ASSIGNED TASK: Print only the lines below from the one with "7月31日,从省委教育工委《" to the one with "Pore‐Size‐Tunable Polypyrrole Membrane", both included, exactly as they stand. Leave pictures out.

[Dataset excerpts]
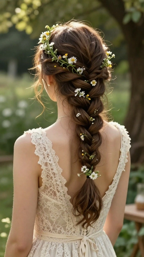 This hairstyle is enchanting, echoing the beauty of the wild outdoors. Choose flowers that match your style for a personalized touch, making it perfect for any bohemian wedding.
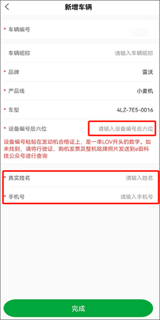 4.新增车辆页面,输入设备号后六位、姓名、手机号点完成即可完成绑车。
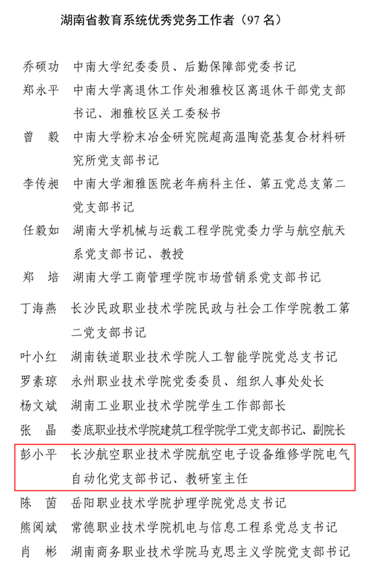 7月31日,从省委教育工委《关于表彰全省教育系统优秀共产党员、优秀党务工作者和先进基层党组织的通报》(湘教工委通〔2024〕25号)获悉,我院航空电子设备维修学院电气自动化党支部书记、教研室主任彭小平荣获“湖南省教育系统优秀党务工作者”。
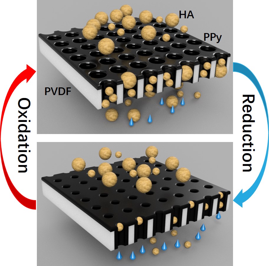 近日,我院博士生谭笑在中国科学院生态环境研究中心曲久辉院士团队的指导下,设计合成了用于抗污染和选择性分离的电响应导电聚合物膜。相关研究成果以标题“Electrically Pore‐Size‐Tunable Polypyrrole Membrane for Antifouling and Selective Separation”在线发表在国际高水平期刊《Advanced Functional Materials》(中科院分区一区top,2018年影响因子15.621)。
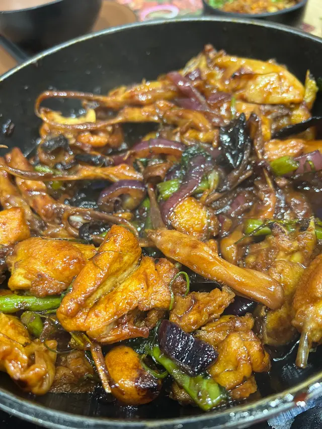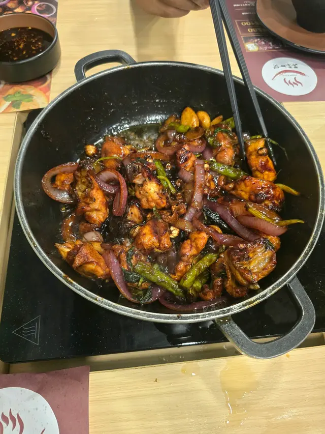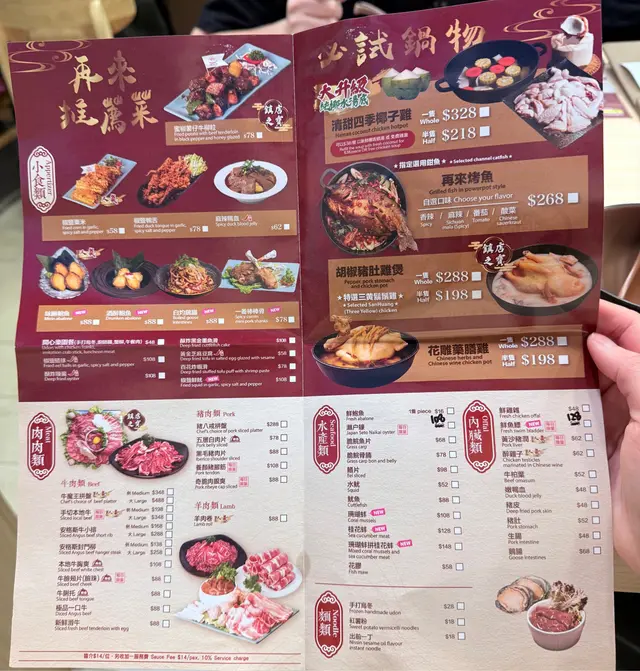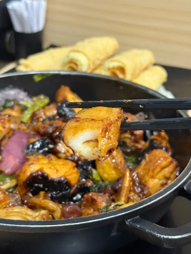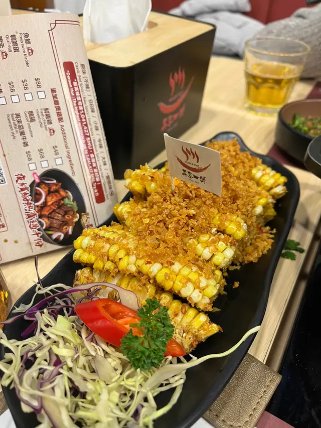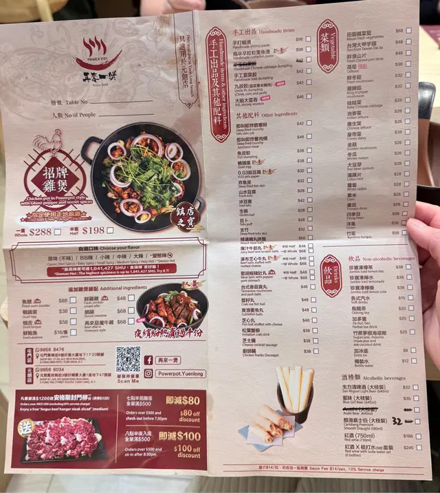 今次我地去左大西北既元朗呢邊食一間朋友介紹既雞煲火鍋小店,呢間餐廳雖然個地點唔起眼,但係好多人食,唔book位基本上好難等位,因為佢地本身唔算多位,所以我地都有book定先去食😌招牌魔鬼雞煲(半隻)($198)佢地既雞煲係以印度魔鬼椒去整,最勁既變態辣要睇免責聲明先好試,而佢地既辣度比一般既雞煲店辣,平時食開中辣就建議小辣都夠,我地就叫左bb辣,唔算好勁,上雞煲時佢個辣椒味真係好香,有小小攻鼻,但食落冇相像中咁辣,可能因為有個心理準備,同埋雞煲汁帶有少少甜,中和番個辣度,雞件好入味,食完可以加湯打邊爐🐥🌶️椒鹽粟米($58)我地叫左個小食椒鹽粟米,佢個蒜好香,又夠咸,跟住條粟米本身又超甜,好好食🌽本地手切牛(例牌)($ 198)佢手切牛既紋理幾靚,個口感唔錯,唔會太肥,牛味相對都重🐮爆汁牛筋丸(一份)($68)個牛丸真係爆曬汁係入面有少少肥膏咁,半份$48得4粒,一份抵食好多,同埋都真係好食,好彩叫左一份😋手工韮菜餃($42)手工餃食得出係自己包既,個皮偏簿,個餡既肉鮮味多汁🥟珍寶凍檸茶($38)呢度既檸檬茶超大杯,夠2個人飲🍹呢間小店都真係幾好食,佢個辣係過癮得黎又特別,火鍋配料質素都好好,同埋個椒鹽粟米都好食,黎到唔止打邊爐,熟食都值得叫,特登過黎食都冇令我地失望🥰…查看更多

SOLUTION TO THIS TASK:
 7月31日,从省委教育工委《关于表彰全省教育系统优秀共产党员、优秀党务工作者和先进基层党组织的通报》(湘教工委通〔2024〕25号)获悉,我院航空电子设备维修学院电气自动化党支部书记、教研室主任彭小平荣获“湖南省教育系统优秀党务工作者”。
 近日,我院博士生谭笑在中国科学院生态环境研究中心曲久辉院士团队的指导下,设计合成了用于抗污染和选择性分离的电响应导电聚合物膜。相关研究成果以标题“Electrically Pore‐Size‐Tunable Polypyrrole Membrane for Antifouling and Selective Separation”在线发表在国际高水平期刊《Advanced Functional Materials》(中科院分区一区top,2018年影响因子15.621)。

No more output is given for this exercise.